• _Work to be completed_:
Nothing but the lines from the top of the data to the line holding "к новым Победам!" should be printed, word for word and both ends included; leave the pictures out.

START Data supplied

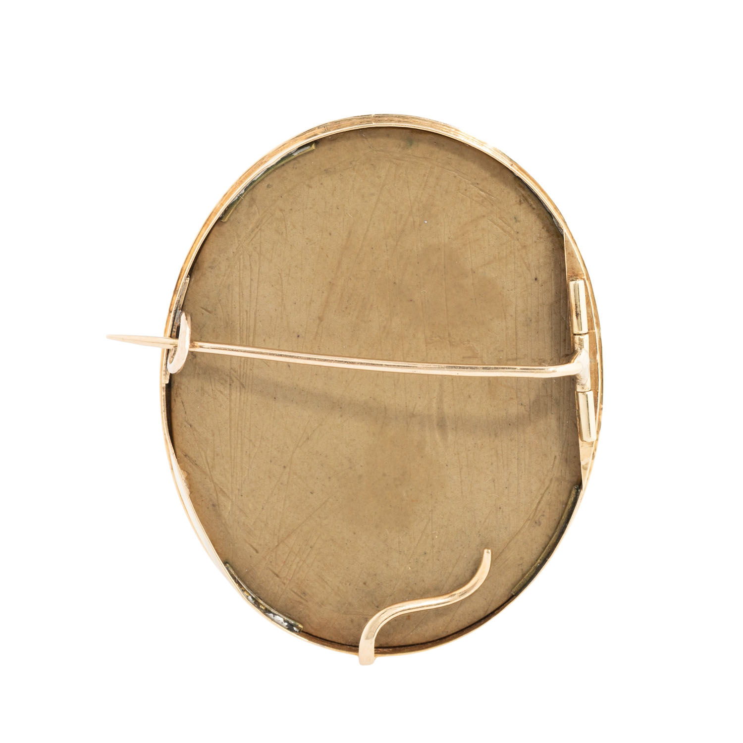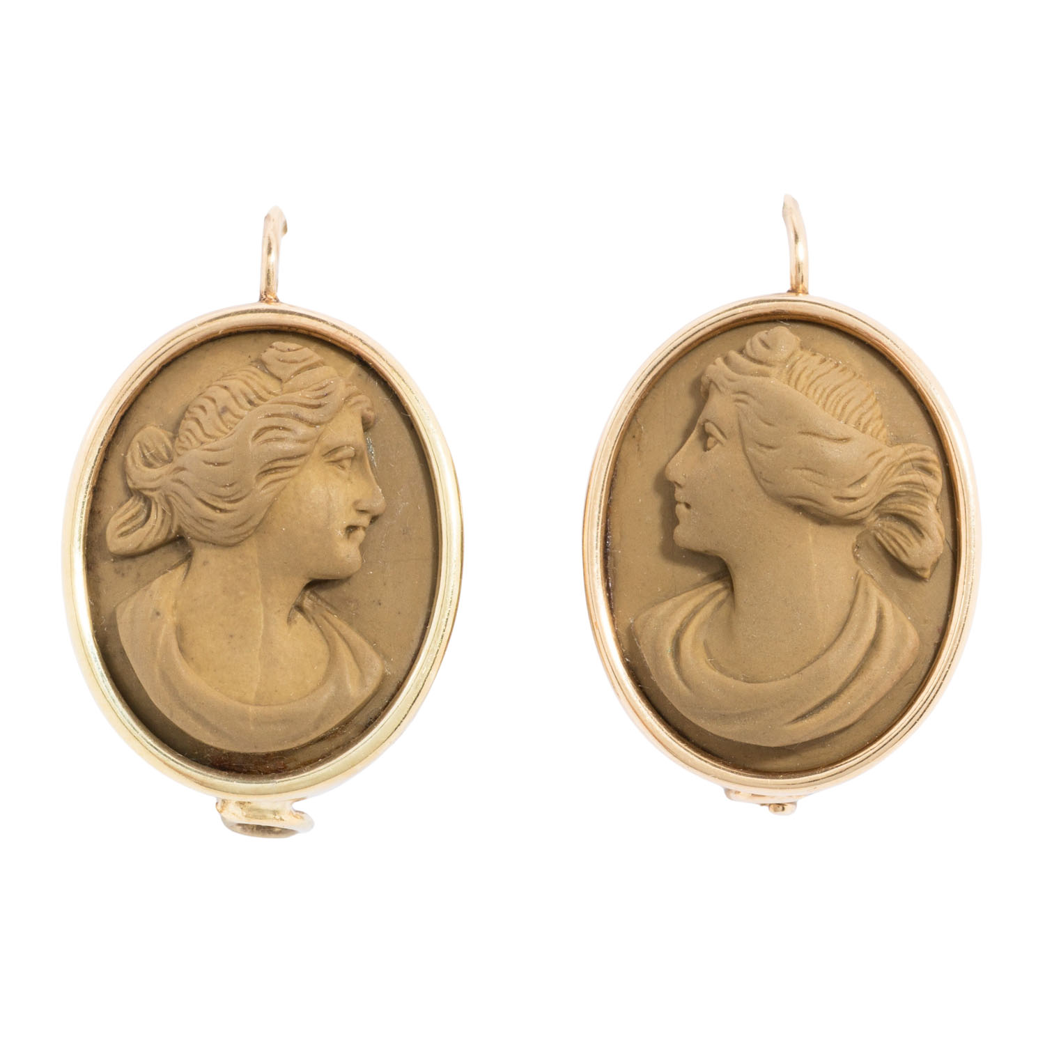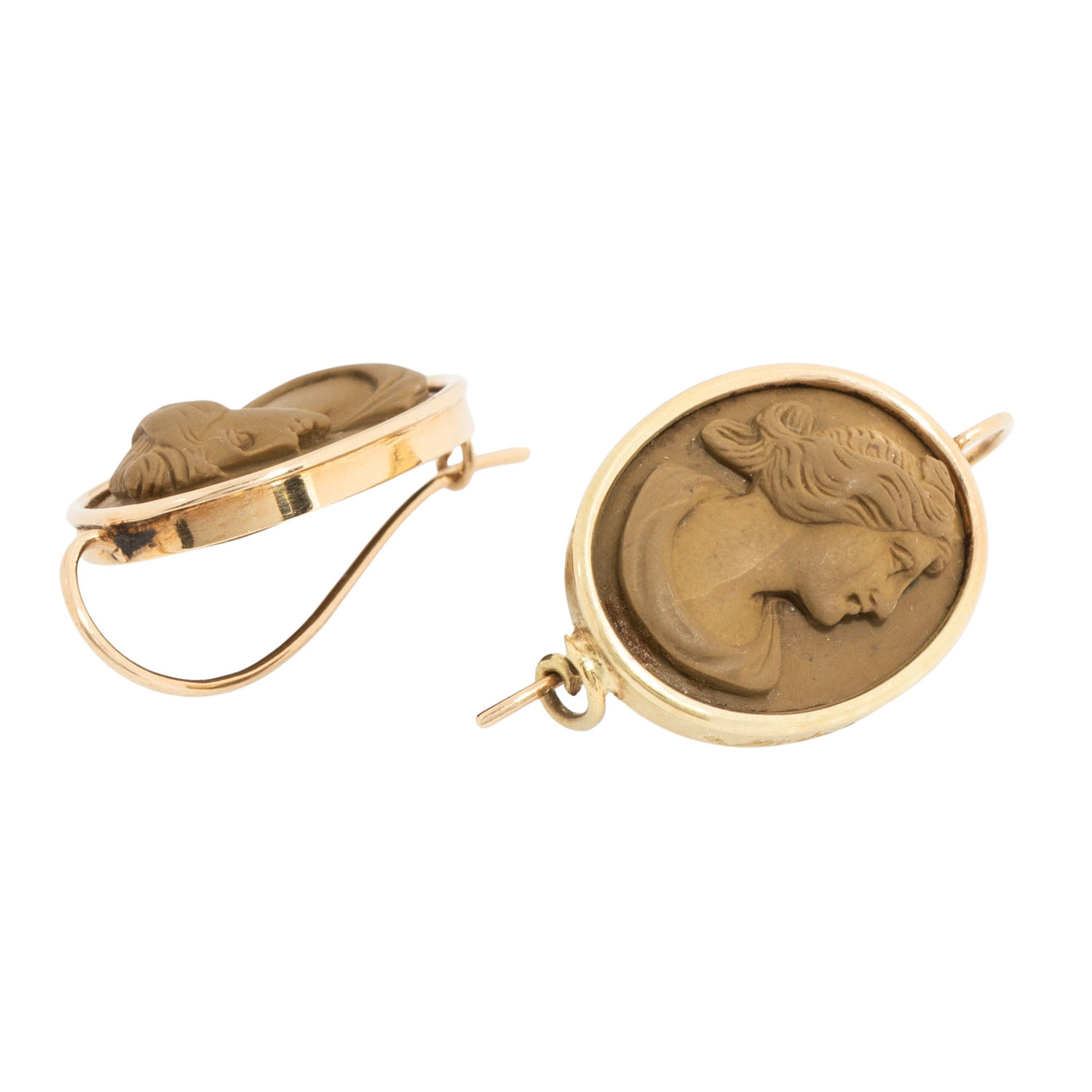 (sog. Vesuv-Lava), best. aus Brosche und Ohrhängern, 14K Gold, Brosche ca. 5 cm lang, Vermutlich Italien um 1860-1880, guter altersgemäßer Zustand, inkl. original Etui. Äußerst feine und detailgetreue Gravur einer Dame im seitlichen Halbportrait.
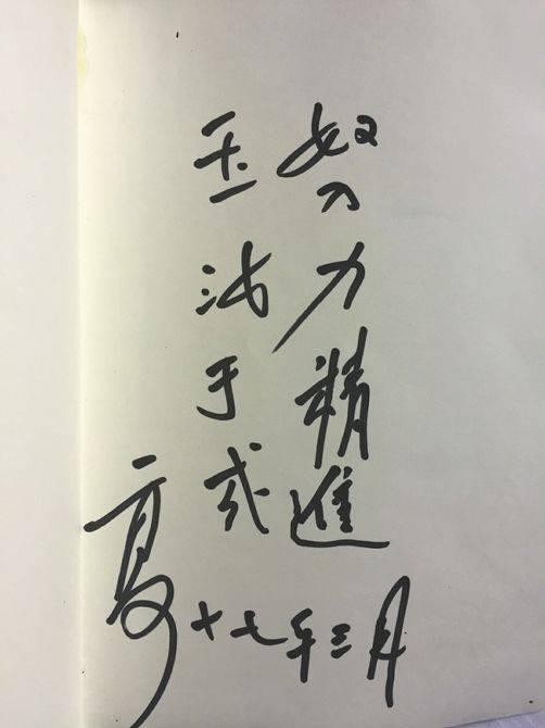 在采访的最后,二月河手还写一句话寄语华西都市报的读者:努力精进,玉汝于成。
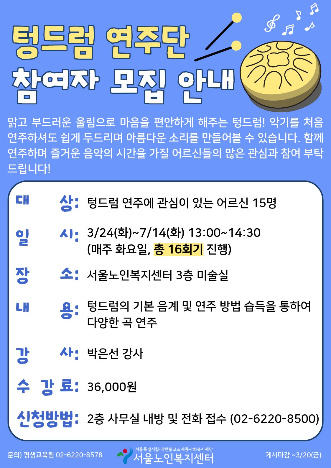 [평생교육팀] 텅드럼 연주단 프로그램 참여자 모집
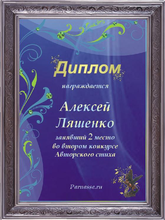 «Уважаемый Алексей, от всего сердца поздравляем Вас с ПОБЕДОЙ в Конкурсе авторского стиха!!! Муза и вдохновение, приведут Вас к новым Победам!
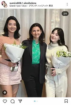 すみれはタートルネックのニットにミニスカート姿でグランド ハイアット東京のクリスマスツリーの前でエレナと並ぶ姿や、ロンシャンのクリエイティブ・ディレクター、ソフィー・デラフォンテーヌ氏と一緒の写真などを投稿。「素晴らしいランチ」に感謝し「すぐにパリで会いましょう」とつづった。
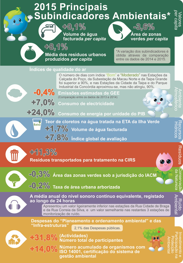 No que respeita ao ambiente atmosférico, a percentagem do número total de dias em que o ar foi “Bom” ou “Moderado” em 2015, medido nas estações de monitorização da qualidade do ar, foi aproximadamente de 90%. Pela primeira vez, o valor médio anual de concentração de PM10 e PM2,5 foi inferior aos valores padrão, o que corresponde ao resultado obtido pela “Rede de monitorização da qualidade do ar da Região do Delta do Rio das Pérolas (Guangdong, Hong Kong e Macau)”. Todavia, as PM2,5 são continuadamente consideradas um dos principais poluentes que estão a afectar o índice de qualidade do ar de Macau. Em 2014 as emissões estimadas de alguns poluentes atmosféricos de Macau aumentaram e, face a 2013, houve uma redução nas emissões estimadas de gases com efeito de estufa. Em relação ao volume do consumo de água em 2015, o volume médio do consumo de água per capita registou um crescimento em comparação com 2014, enquanto o fornecimento e a qualidade da água potável mantiveram-se estáveis. Porém, a qualidade das águas costeiras piorou face a 2014. A quantidade de resíduos transportados para a Central de Incineração de Resíduos Sólidos de Macau em 2015 registou um crescimento de dois dígitos quando comparada com 2014, significando que os resíduos são uma questão prioritária no trabalho de protecção ambiental em Macau. Em relação à conservação da natureza, a taxa de zonas verdes urbanas de 2015 diminuiu ligeiramente face a 2014. No tocante ao ruído ambiental, embora o nível do ruído registado pelas estações de monitorização de ruído seja semelhante ao de 2014, o nível do ruído ambiental de Macau ainda esteve num nível elevado em termos globais. Quanto ao investimento e participação na protecção ambiental, o Governo manteve em 2015 um determinado investimento na área ambiental, tendo-se revelado um aumento tanto da preocupação e participação do público nas acções de protecção ambiental, como do número de empresas que obtiveram certificação de gestão ambiental, em comparação com 2014.
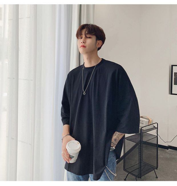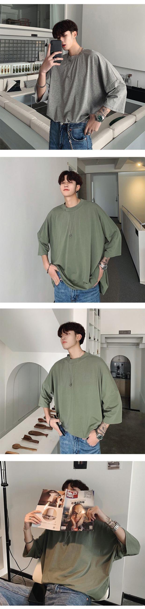ソリッド カラーTシャツ ラウンドネックルーズ薄手サマースタイル 大きめサイズ 夏物 Oネック ソリッドカラー ASURAプラスサイズメンズ28876090437
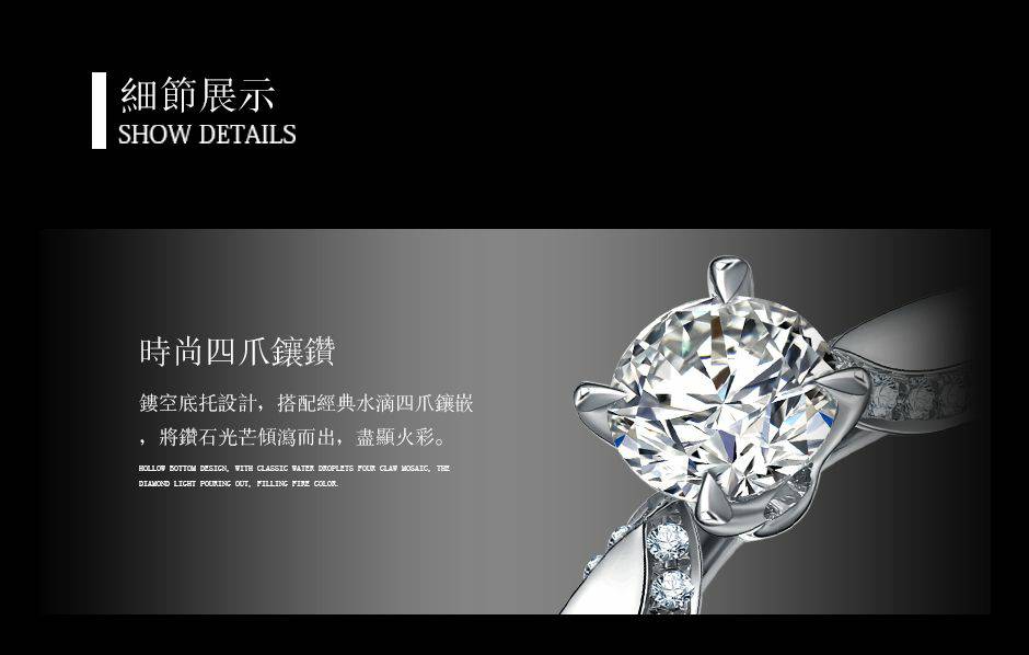 说明: 钻石4C——重量:0.5CT,颜色:F,净度:VVS,切工:3EX,无荧光、无奶咖绿。
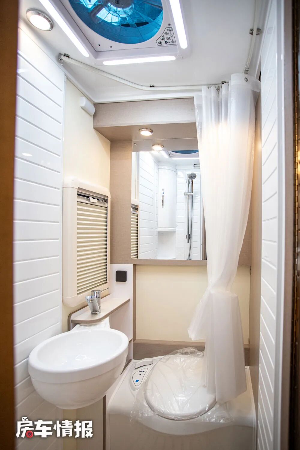 车内的卫浴室在同类型房车中算是比较大空间的了,而且内部使用了大量的能够防潮防霉的吸塑件,配有独立淋浴花洒、固定的马桶、可旋转的马桶、梳妆镜、换气扇等,另外值得一提的是,内部还有暖风出风口,这样即便在天气比较寒冷的时候,也能够正常的洗热水澡了。
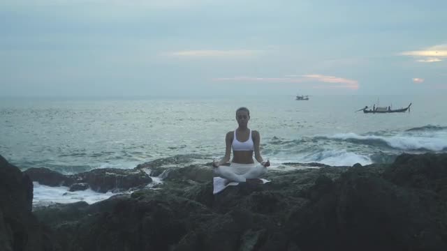 Exercises calmness and harmony, girl is making yoga pose on beach, happy woman relaxation
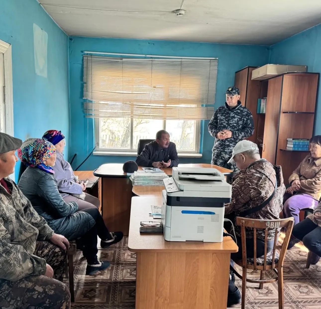 М.М. Нуржанов учаскелік полиция инспекторы полиция майоры Д.В. Несинмен бірлесіп азаматтар жиынын өткізді.

END Data supplied

• _Exercise result_:
 (sog. Vesuv-Lava), best. aus Brosche und Ohrhängern, 14K Gold, Brosche ca. 5 cm lang, Vermutlich Italien um 1860-1880, guter altersgemäßer Zustand, inkl. original Etui. Äußerst feine und detailgetreue Gravur einer Dame im seitlichen Halbportrait.
 在采访的最后,二月河手还写一句话寄语华西都市报的读者:努力精进,玉汝于成。
 [평생교육팀] 텅드럼 연주단 프로그램 참여자 모집
 «Уважаемый Алексей, от всего сердца поздравляем Вас с ПОБЕДОЙ в Конкурсе авторского стиха!!! Муза и вдохновение, приведут Вас к новым Победам!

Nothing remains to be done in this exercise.